▶ [ACTIVITY]:
Copy each line below as written, but skip the pictures.
**** RAW DATA
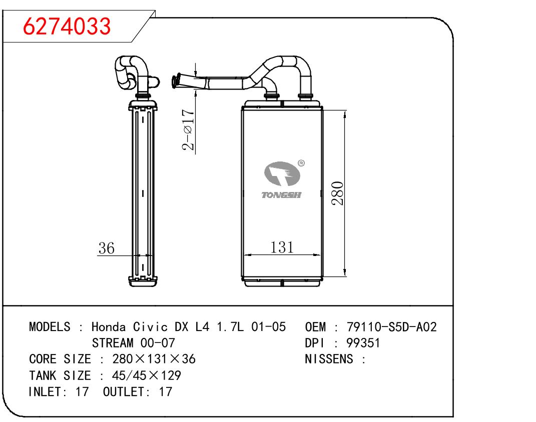 适用于沃尔沃V40 1.9TD D4192T 95- MT散热器
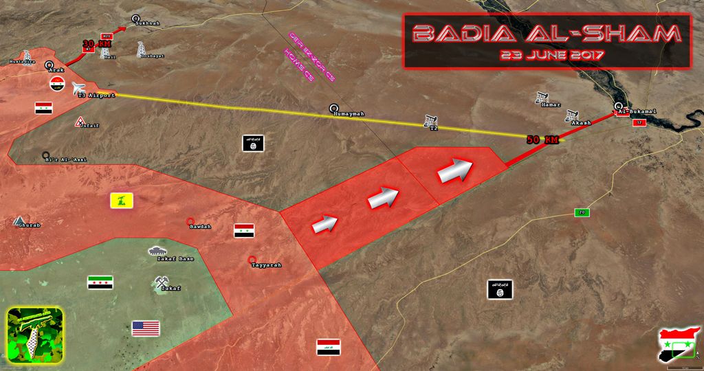 • Недалеко от Абу-Камаля, семь ударов по тактическим подразделениям организации ИГИЛ
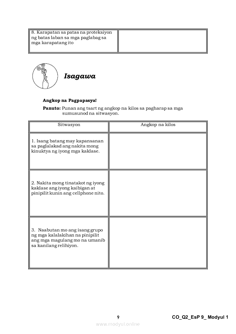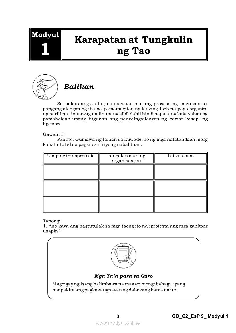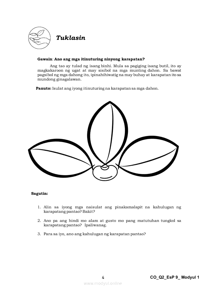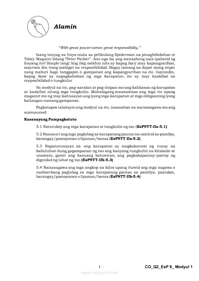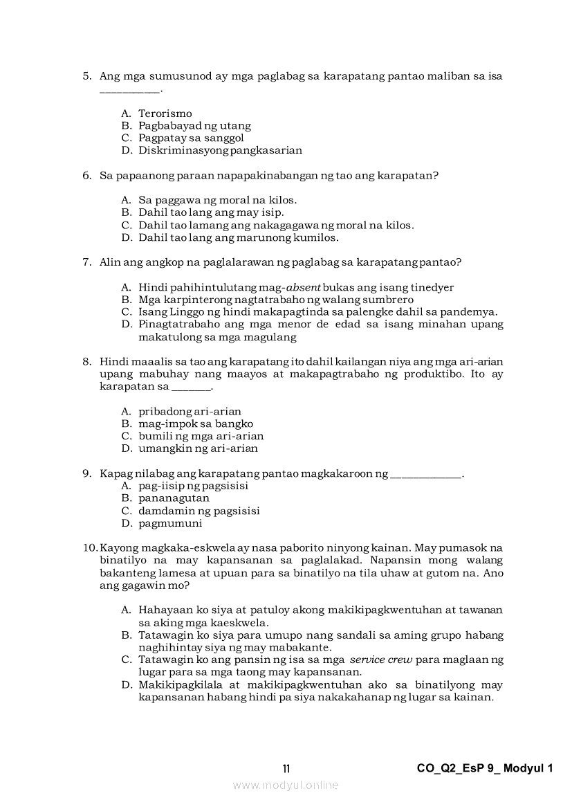 Edukasyon sa Pagpapakatao 9 Ikalawang Markahan – Modyul 1: Karapatan at Tungkulin ng TaoApr 22, 2021 Grade 9Xiaomi Redmi Watch 5 Active 2inch LCD Display Clear Calling 5ATM Waterproof Smart Watch for only ₱3,999 ₱1,200!. Edukasyon sa Pagpapakatao 9RelatedEdukasyon sa Pagpapakatao Ikaapat na Markahan- Modyul 2: Mga Pansariling Salik sa Pagpili ng Track o Kursong Akademik, Teknikal-Bokasyonal, Sining at Disenyo, at Isports. (Ikalawang Linggo)Edukasyon sa Pagpapakatao Ikaapat na Markahan – Modyul 3: Personal na Pahayag ng Misyon sa Buhay (Ikatlong Linggo)Edukasyon sa Pagpapakatao Ikaapat na Markahan – Modyul 4: Personal na Pahayag ng Misyon sa Buhay (Ikaapat na Linggo)Edukasyon sa Pagpapakatao Ikaapat na Markahan- Modyul 1: Mga Pansariling Salik sa Pagpili ng Track o Kursong Akademik, Teknikal-Bokasyonal, Sining at Disenyo, at Isports. (Unang Linggo)Edukasyon sa Pagpapakatao 9 Ikalawang Markahan – Modyul 3: Ang Paggawa Bilang Paglilingkod at Pagtaguyod ng Dignidad ng Tao
********
▶ [RESPONSE AREA]:
 适用于沃尔沃V40 1.9TD D4192T 95- MT散热器
 • Недалеко от Абу-Камаля, семь ударов по тактическим подразделениям организации ИГИЛ
 Edukasyon sa Pagpapakatao 9 Ikalawang Markahan – Modyul 1: Karapatan at Tungkulin ng TaoApr 22, 2021 Grade 9Xiaomi Redmi Watch 5 Active 2inch LCD Display Clear Calling 5ATM Waterproof Smart Watch for only ₱3,999 ₱1,200!. Edukasyon sa Pagpapakatao 9RelatedEdukasyon sa Pagpapakatao Ikaapat na Markahan- Modyul 2: Mga Pansariling Salik sa Pagpili ng Track o Kursong Akademik, Teknikal-Bokasyonal, Sining at Disenyo, at Isports. (Ikalawang Linggo)Edukasyon sa Pagpapakatao Ikaapat na Markahan – Modyul 3: Personal na Pahayag ng Misyon sa Buhay (Ikatlong Linggo)Edukasyon sa Pagpapakatao Ikaapat na Markahan – Modyul 4: Personal na Pahayag ng Misyon sa Buhay (Ikaapat na Linggo)Edukasyon sa Pagpapakatao Ikaapat na Markahan- Modyul 1: Mga Pansariling Salik sa Pagpili ng Track o Kursong Akademik, Teknikal-Bokasyonal, Sining at Disenyo, at Isports. (Unang Linggo)Edukasyon sa Pagpapakatao 9 Ikalawang Markahan – Modyul 3: Ang Paggawa Bilang Paglilingkod at Pagtaguyod ng Dignidad ng Tao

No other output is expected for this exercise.